One feature that would have been useful to incorporate would have been incorporating a Boolean SAT or SMT solver[9], which would have allowed us to bypass pseudo-Boolean constraints entirely, which are generated heuristically, and instead rigorously solve Boolean equations for all possible solutions. Incorporation a Boolean SAT solver such as Z3 would’ve been time-prohibitive, but would’ve allowed for a greater range of expressively for constraints.

IV-B Application Files

Due to space reasons, we do not go into detail on the specifics of the Computer Architecture Example and the FPGA Example. Please contact the authors for more information.

V Some thoughts on optimization and use cases

Optimization aims at searching for values of $\mathbf{x}$ which minimizes the objective function $f$ bounded by constraints. A general formula of optimization problem is in equation (1).

		$\displaystyle\underset{x}{\arg}\min f(\mathbf{x})$		(1)
	$\displaystyle s.t.$	$\displaystyle\ Constraints\ on\ \mathbf{x}$		(1)

In addition to existing gradient based methods which requires the objective function to be differentiable or even more smooth, discrete search algorithm proposed in this paper achieves a high degree of performance on all kinds of objective functions.

One of the most important features of cyber-physical systems is that they contains both continuous system components and discrete system components. In this case, the constraints may include discrete forms like SATs, and continuous forms like inequalities. Our discrete search algorithm can be used to choose optimal parameters for a cyber-physical system.

VI Further possible work

We would like to explore more about the background of reachability analysis.

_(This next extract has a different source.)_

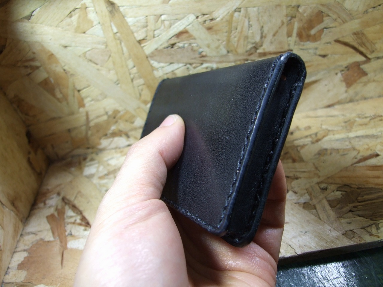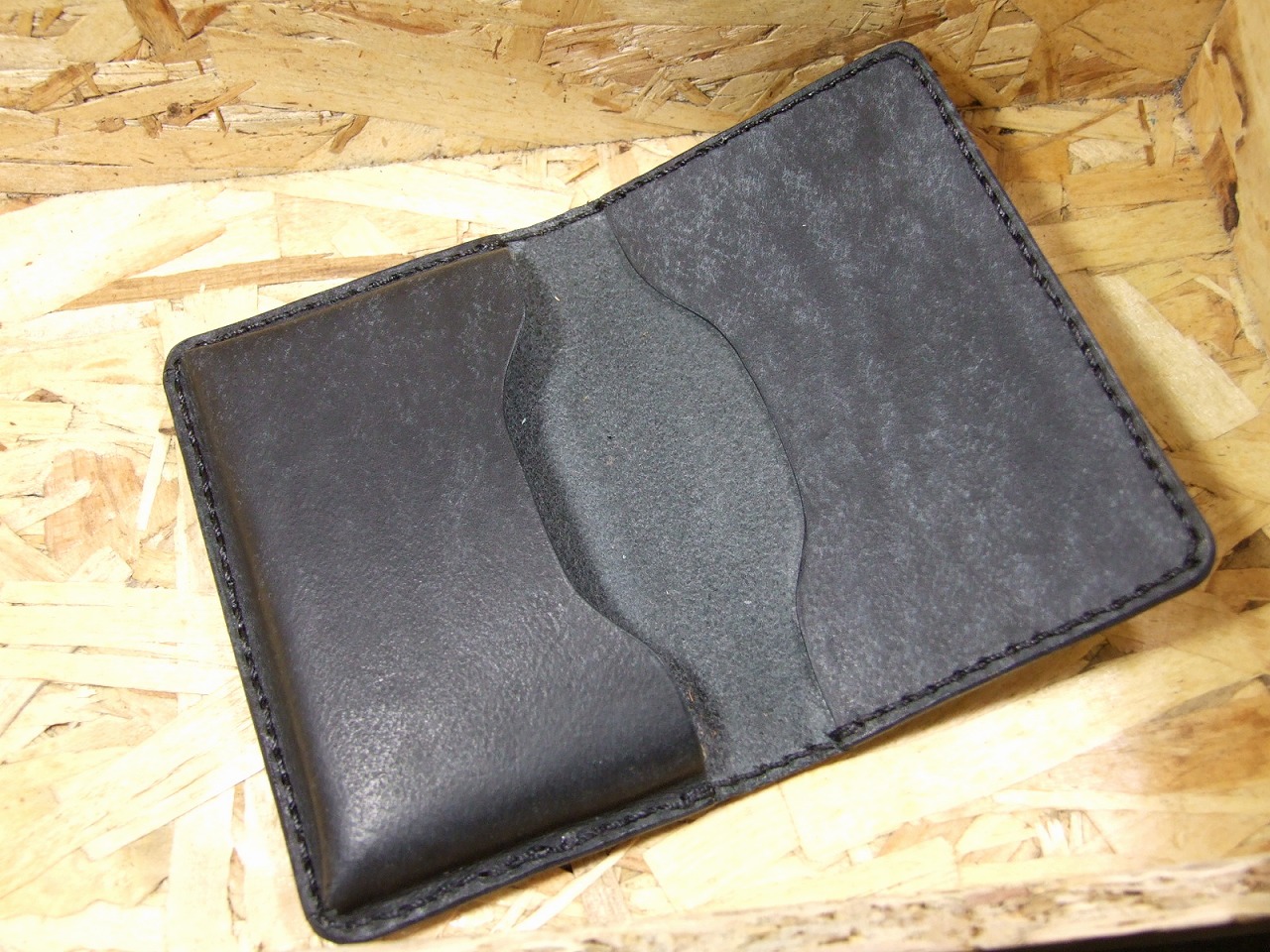 外装サドレレザー黒1.4ミリ厚に内装プエブロレザーの1ミリ厚を使いました。

Where does this problem rise from. Moreover, as for existing optimization algorithms like heuristic algorithms, gradient based methods and interior point methods, what are the bottlenecks on applying these algorithms on hybrid system reachability analysis.

Another topic is the connection between reachability analysis and optimization algorithm. If the reachability problem can be formulated into an optimization problem, then it will be easier to understand the problem from the mathematical properties of objective function.

References

[1] Luca Geretti, Pieter Collins, Davide Bresolin, and Tiziano Villa. Automating numerical parameters along the evolution of a nonlinear system. In Runtime Verification: 22nd International Conference, RV 2022, Tbilisi, Georgia, September 28–30, 2022, Proceedings, page 336–345, Berlin, Heidelberg, 2022. Springer-Verlag.
[2] Michele Conforti, Gerard Cornuejols, and Giacomo Zambelli. Integer Programming / Michele Conforti, Gérard Cornuéjols, Giacomo Zambelli. Springer, Cham, 2014.
[3] Ian M. Mitchell and Claire J. Tomlin. Overapproximating reachable sets by hamilton-jacobi projections. Journal of Scientific Computing, 19(1):323–346, 2003.
[4] Guido Van Rossum and Fred L Drake Jr. Python reference manual. Centrum voor Wiskunde en Informatica Amsterdam, 1995.
[5] Felipe Pezoa, Juan L Reutter, Fernando Suarez, Martín Ugarte, and Domagoj Vrgoč. Foundations of json schema. In Proceedings of the 25th International Conference on World Wide Web, pages 263–273. International World Wide Web Conferences Steering Committee, 2016.
[6] Charles R. Harris, K. Jarrod Millman, Stéfan J. van der Walt, Ralf Gommers, Pauli Virtanen, David Cournapeau, Eric Wieser, Julian Taylor, Sebastian Berg, Nathaniel J. Smith, Robert Kern, Matti Picus, Stephan Hoyer, Marten H. van Kerkwijk, Matthew Brett, Allan Haldane, Jaime Fernández del Río, Mark Wiebe, Pearu Peterson, Pierre Gérard-Marchant, Kevin Sheppard, Tyler Reddy, Warren Weckesser, Hameer Abbasi, Christoph Gohlke, and Travis E. Oliphant. Array programming with NumPy. Nature, 585(7825):357–362, September 2020.
[7] Sympy Foundation.
[8] Y. Dote. Introduction to fuzzy logic. In Proceedings of IECON ’95 - 21st Annual Conference on IEEE Industrial Electronics, volume 1, pages 50–56 vol.1, 1995.
[9] Leonardo De Moura and Nikolaj Bjørner. Satisfiability modulo theories: Introduction and applications. Commun. ACM, 54(9):69–77, sep 2011.